Baseline demographic characteristics consisted of age at index date, sex, calendar year of index date, most recent smoking status, most recent drinking status, and IMD quintile. Baseline clinical characteristics included BMI, Charlson Comorbidity Index [22, 23], and history of microvascular and macrovascular complications of diabetes. Complications were identified using Read Codes [24] present in patient records at any time prior to the index date.

Baseline laboratory values consisted of blood pressure, total cholesterol, and HbA1c. These were identified using the most recent result within 1 year prior to the index date. Categorical variables for laboratory values were constructed using the diabetes QOF rules: blood pressure ≤ 140/80 mmHg, total cholesterol ≤ 5 mmol/L (193 mg/dL), and HbA1c ≤ 59 (7.5%), 59 to ≤ 64 (8.0%), 64 to ≤ 75 (9.0%), and > 75 mmol/mol. Baseline medications included antidiabetic agents, lipid lowering agents, and medications for blood pressure. Baseline medications were identified using British National Formulary (BNF) codes in the CPRD Therapy file [25] within 1 year prior to the index date.

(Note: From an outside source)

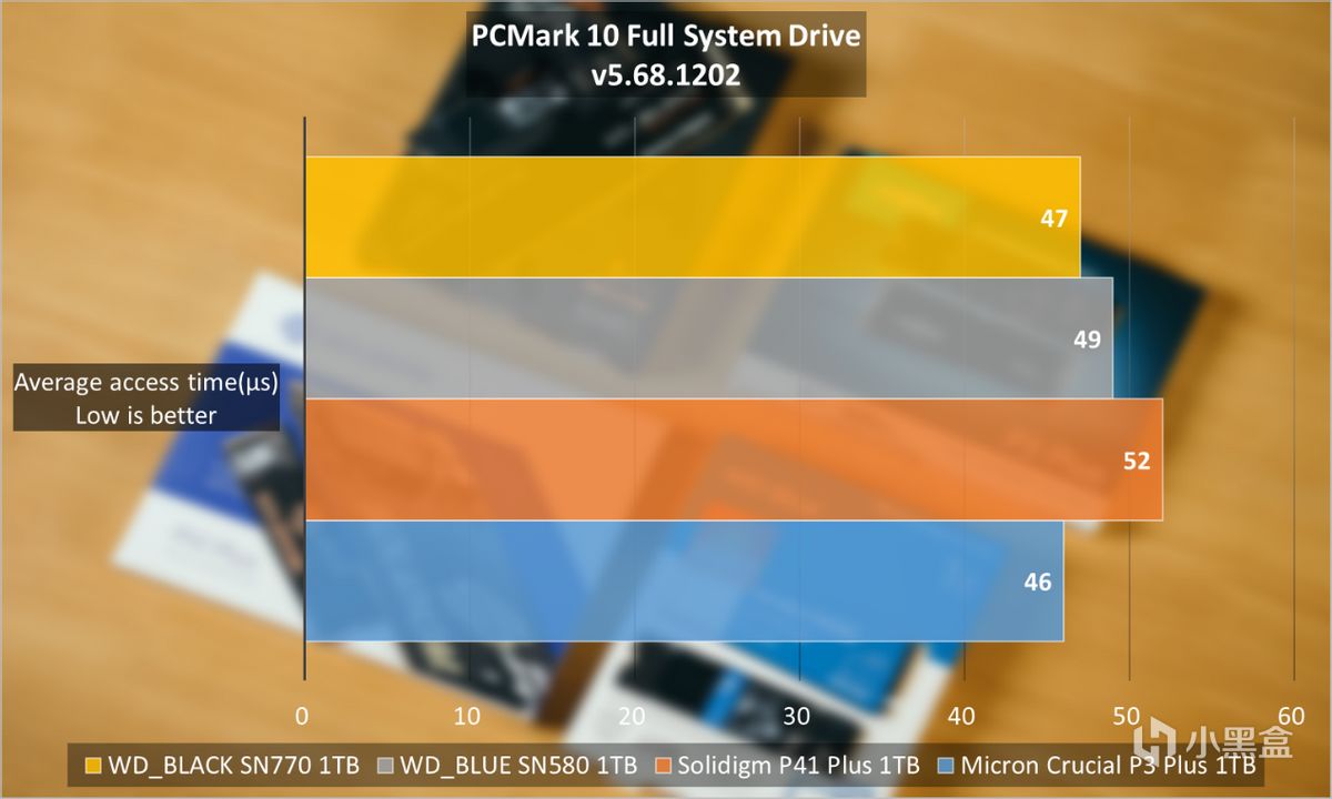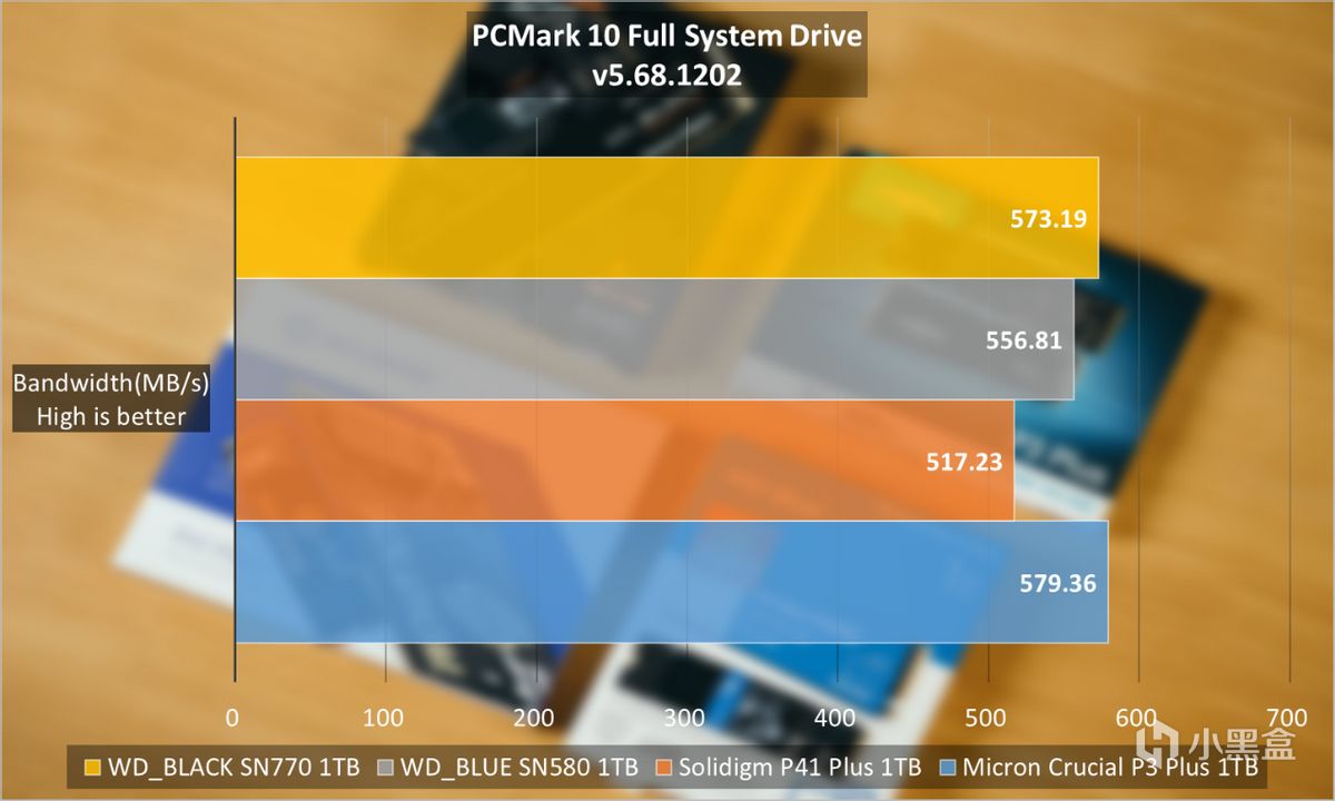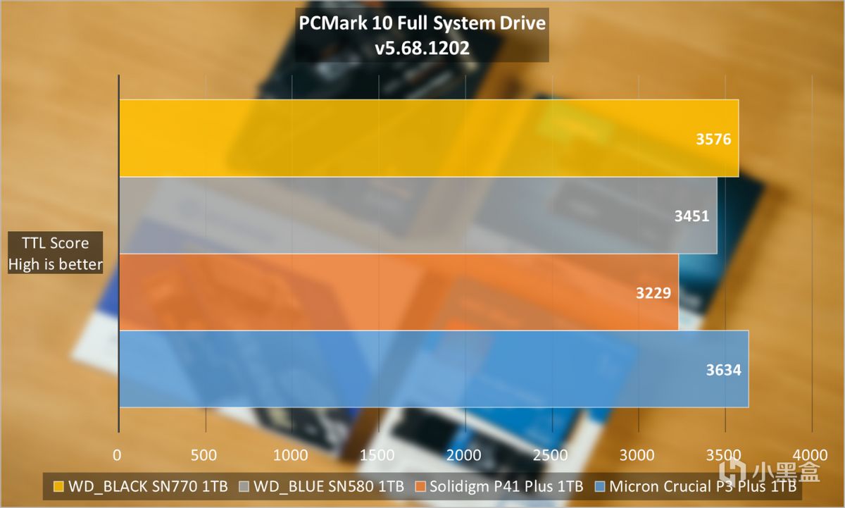 现在让我们进入游戏、系统等更为综合的环节。PCMark 10 Full System Drive是考虑较为全面且复杂的综合测试,这里看到Crucial P3 Plus与WD_BLACK SN770表现相当,Crucial P3 Plus更胜一筹。

Several approaches to addressing potential problems caused by missing data, including multiple imputations [26], were considered for this study. However, absence of data on important baseline variables such as smoking status, BMI, and HbA1c could have been informative, i.e., indicators of poor quality of care or lower GP contact prior to the index date. Therefore, where applicable, separate categories for missing data were constructed for baseline demographic, clinical, and treatment variables.

Statistical methods

Multilevel logistic regression analyses were performed to estimate the unadjusted and adjusted odds of meeting each of the quality measures in cancer patients compared to controls. All covariates described in the section above (and included in the propensity score matching) were included in the adjusted analyses. In addition, test result-based quality measures were partitioned into the probability of being measured/tested, and the conditional (upon being measured/tested) probability of meeting the measure/test threshold.

Primary analyses

The primary analyses were conducted using up to 5 years of follow-up after the index date. Unadjusted analyses included cancer (yes/no) and time (in years) as independent variables. Adjusted analyses also included all baseline demographic and clinical characteristics (described in the previous section), as well as time, as independent variables. Furthermore, in order to examine whether the effect of cancer on outcomes changed over time, we performed an additional adjusted analysis for each outcome measure in which we also included an interaction term for cancer and time. We then compared the two models (with versus without the interaction term) for each outcome measure using the likelihood ratio test to determine whether adding the interaction term improved the fit of the model. We interpreted a statistically significant (p ≤ 0.05) likelihood ratio test as indicating that the effect of cancer on the outcome measure changed significantly over time.

Given the large number of multivariate analyses, adjustment for multiple comparisons was performed using the Benjamini-Hochberg [27, 28, 29] approach. P values from a family of comparisons (defined as the set of multivariate analyses performed on one cohort) were ordered from high to low and then compared to the corresponding Benjamini-Hochberg threshold for statistical significance.

Secondary analyses

Secondary analyses consisted of repeating the adjusted primary analyses using all 7 years of data including 2 years prior to the index date, and of repeating both the adjusted primary and secondary analyses using the propensity matched cohorts. Multilevel logistic regression analyses were performed in STATA 14 [30] using the xtset and xtlogit commands [31].

Results

There were 14,517 patients in combined cohort: 3382 (23.3%) cancer patients and 11,135 (76.7%) controls (see Appendix A for characteristics). Overall, the median length of follow-up was 1274 days (3.5 years), and follow-up was statistically significantly shorter in cancer patients (median 1187 days) than controls (median 1295 days: log-rank test for equality of survivor functions p < 0.0001).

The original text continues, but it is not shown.